Set down, exactly and only, everything from the line containing "Wallpaper Girl with" down to the line containing "I was pacing" in the data below; the pictures are not part of the copy.
--- Supplied information Enclosed Below ---
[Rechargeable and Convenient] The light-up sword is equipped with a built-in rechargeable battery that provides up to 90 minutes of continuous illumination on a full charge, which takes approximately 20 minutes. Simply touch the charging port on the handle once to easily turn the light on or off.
--- End of Enclosed Supplied information ---
--- Supplied information Enclosed Below ---
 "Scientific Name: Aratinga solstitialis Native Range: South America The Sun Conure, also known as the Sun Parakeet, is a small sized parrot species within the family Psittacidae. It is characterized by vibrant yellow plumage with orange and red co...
--- End of Enclosed Supplied information ---
--- Supplied information Enclosed Below ---
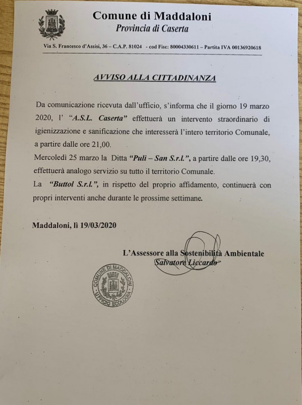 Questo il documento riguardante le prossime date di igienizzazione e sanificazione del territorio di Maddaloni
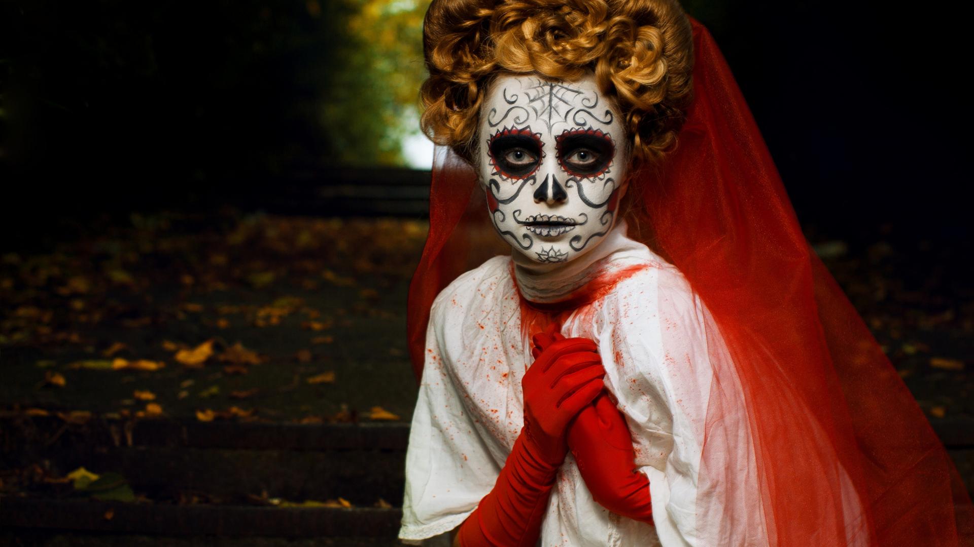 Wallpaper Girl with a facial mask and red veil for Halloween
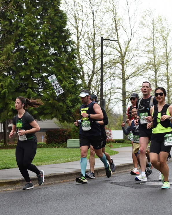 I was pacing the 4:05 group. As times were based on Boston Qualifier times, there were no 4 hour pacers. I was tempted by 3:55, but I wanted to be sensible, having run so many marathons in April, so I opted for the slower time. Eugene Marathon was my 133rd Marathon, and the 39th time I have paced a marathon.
--- End of Enclosed Supplied information ---
Finished exercise
 Wallpaper Girl with a facial mask and red veil for Halloween
 I was pacing the 4:05 group. As times were based on Boston Qualifier times, there were no 4 hour pacers. I was tempted by 3:55, but I wanted to be sensible, having run so many marathons in April, so I opted for the slower time. Eugene Marathon was my 133rd Marathon, and the 39th time I have paced a marathon.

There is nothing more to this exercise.